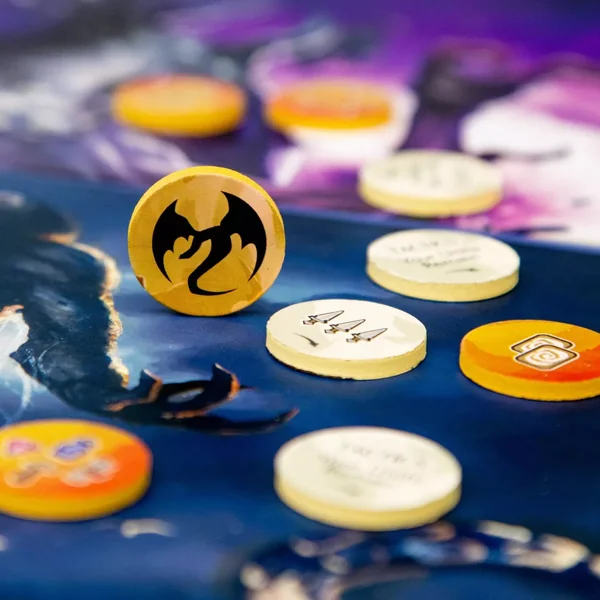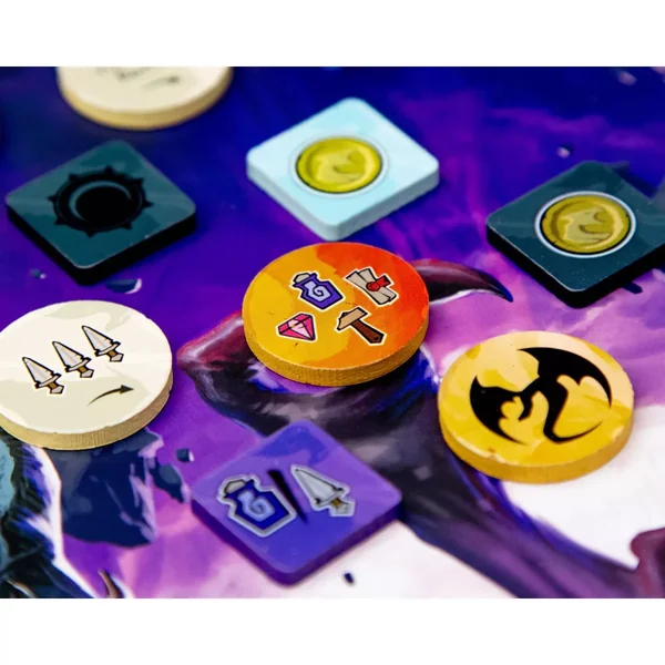 Il s’agit d’un pack de jetons emballé séparément qui met à niveau les 96 jetons treasure, 5 trove et 5 jetons tactiques des jetons de punchboard inclus dans toutes les versions de Dwellings of Eldervale en jetons en bois colorés avec des images imprimées correspondant aux jetons du punchboard.
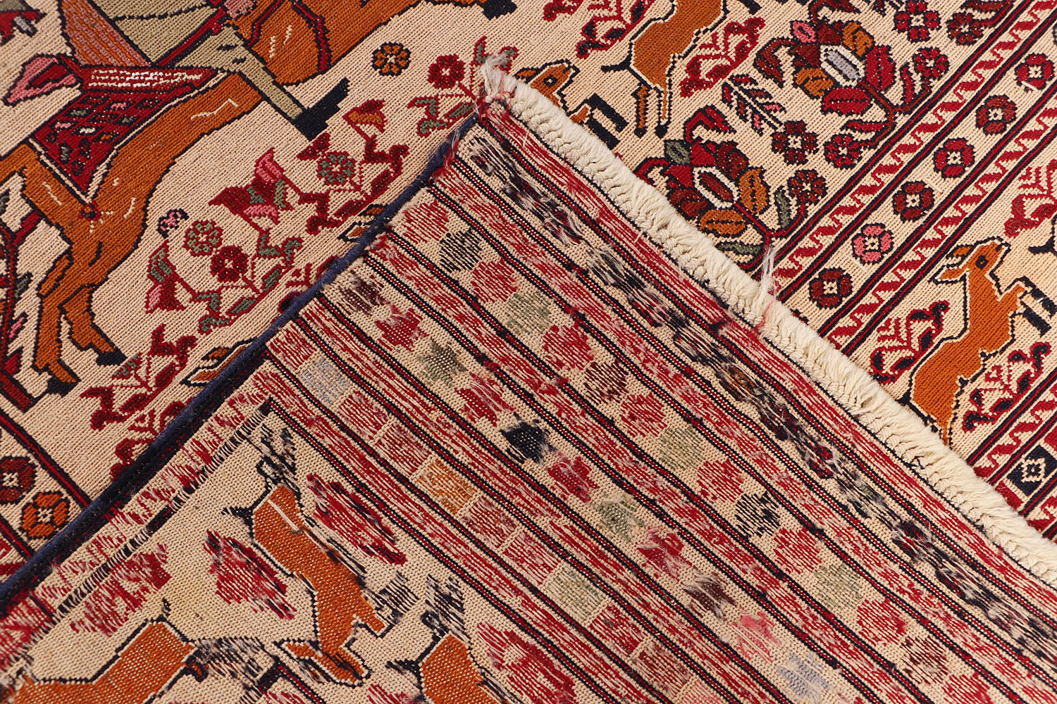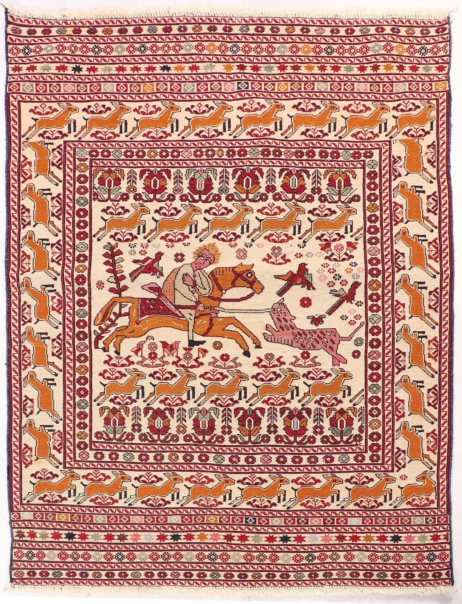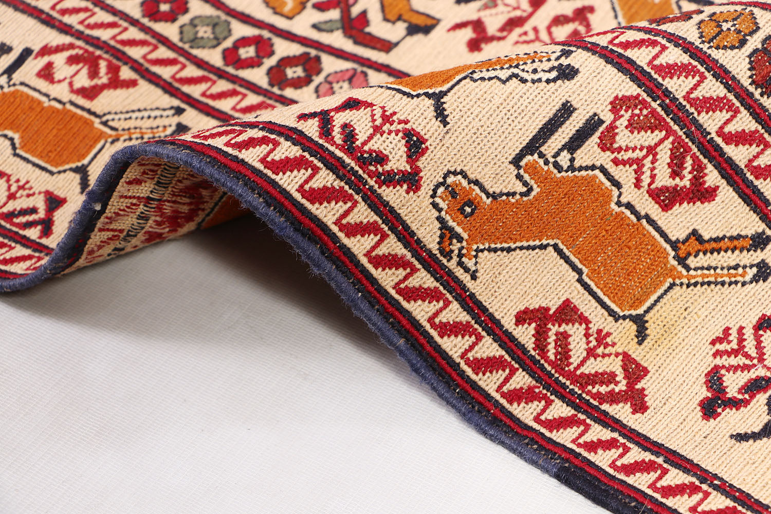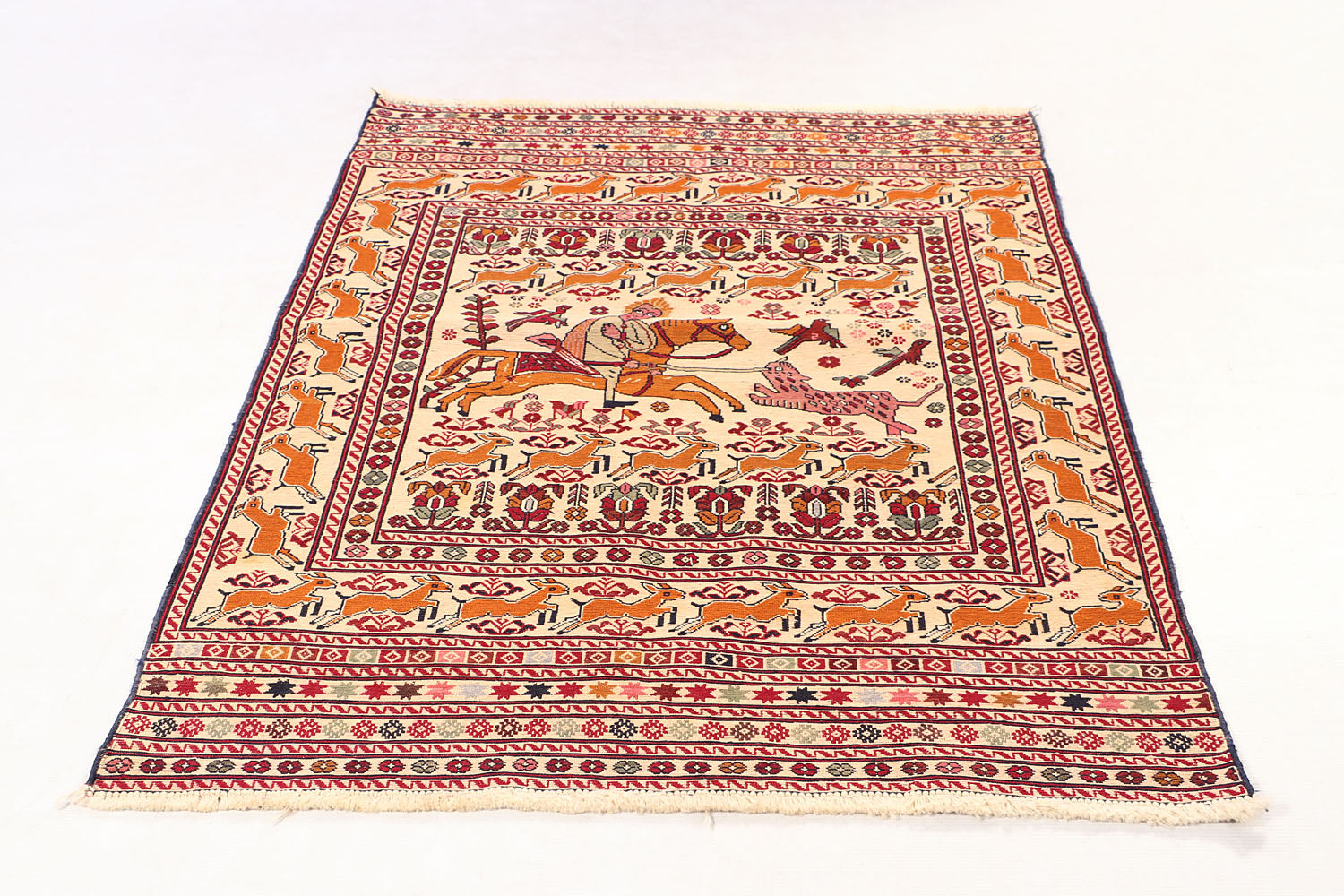 The Biljik Maliki rug blends bold colors with symmetrical geometric patterns. These rugs are handwoven with premium wool and offer a luxurious texture and a striking visual appeal.
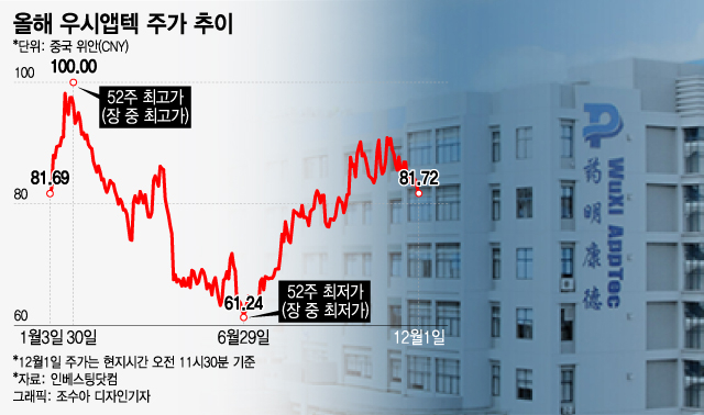 1일 상하이 증권거래소에서 우시앱텍은 전일 대비 0.48% 오른 83위안에 거래를 마쳤다. 대폭 내렸던 주가는 연말에 이르러서야 연초 수준을 회복했다. 올해 들어 상하이종합지수가 2.72%, 선전종합지수가 12.56% 내린 것을 고려하면 우시앱텍의 주가 흐름은 상대적으로 양호하다.
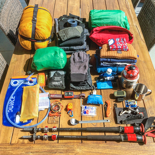 Iedereen die al eens een trektocht heeft ondernomen weet dat je de eerste keren veel te veel meeneemt. Al doende leert men zeggen ze altijd, en dat klopt inderdaad. Verzamel steeds het noodzakelijke zoals eten en drinken eerst, kleren moet je niet te veel meenemen, sokken en onderbroeken 2 paar (1 dragen en 1 wassen en laten drogen) T-shirt, broek, fleece en vest nemen wij maar 1 van mee.
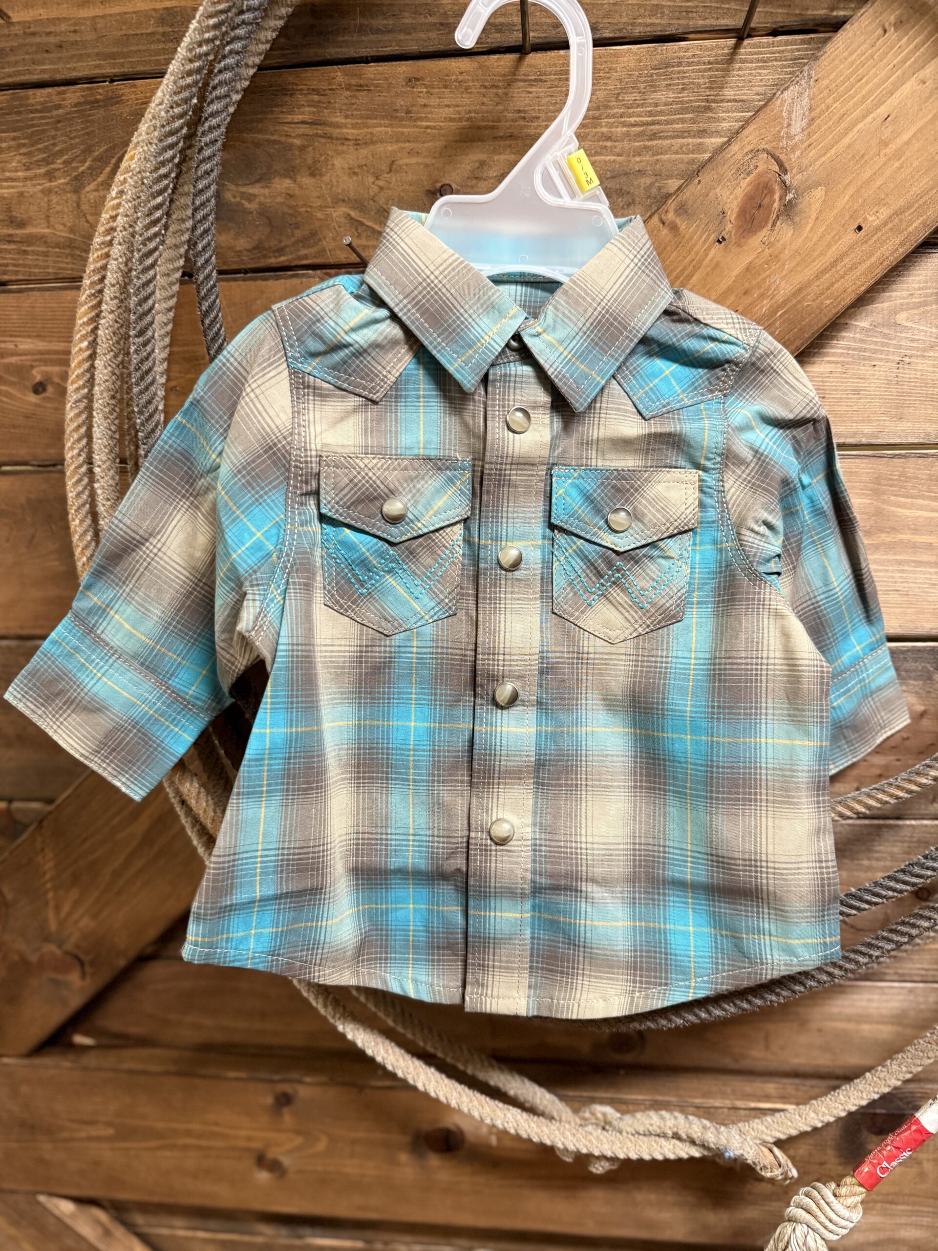 Little ones need cool western clothes too! Tan and turquoise scream western in color pattern. It’s a classic long sleeve with traditional pearl snaps down the front. Featured on the front are two pockets with a single pearl snap closure. It’s just simply cute for him or for her!
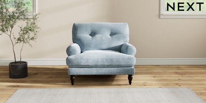7.2.6 Buy Erin Buttoned Back Deep Relaxed Sit Armchair Plush Chenille Light Blue High Classic Turned - Dark from the Next UK online shop Click here to use our accessible website
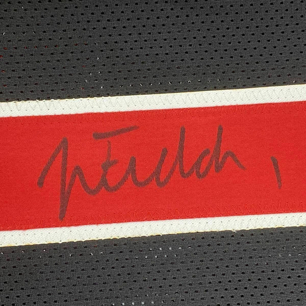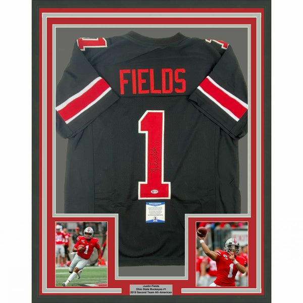 FRAMED Autographed/Signed JUSTIN FIELDS 33x42 Ohio State Black Jersey BAS COA The item is professionally framed & matted with two 8x10 photos, measures 33"x42" and is ready to be hung in your man cave! NOTE: COA card will be mounted on the back of the frame, not inside it on top of the jersey as seen in the picture.

========

> [PROBLEM REQUIREMENTS]: Retype the line containing "Little ones need" and all lines after it to the end of the material, exactly as written, leaving out any pictures.

> [ANSWER FOR THIS EXERCISE]:
 Little ones need cool western clothes too! Tan and turquoise scream western in color pattern. It’s a classic long sleeve with traditional pearl snaps down the front. Featured on the front are two pockets with a single pearl snap closure. It’s just simply cute for him or for her!
7.2.6 Buy Erin Buttoned Back Deep Relaxed Sit Armchair Plush Chenille Light Blue High Classic Turned - Dark from the Next UK online shop Click here to use our accessible website
 FRAMED Autographed/Signed JUSTIN FIELDS 33x42 Ohio State Black Jersey BAS COA The item is professionally framed & matted with two 8x10 photos, measures 33"x42" and is ready to be hung in your man cave! NOTE: COA card will be mounted on the back of the frame, not inside it on top of the jersey as seen in the picture.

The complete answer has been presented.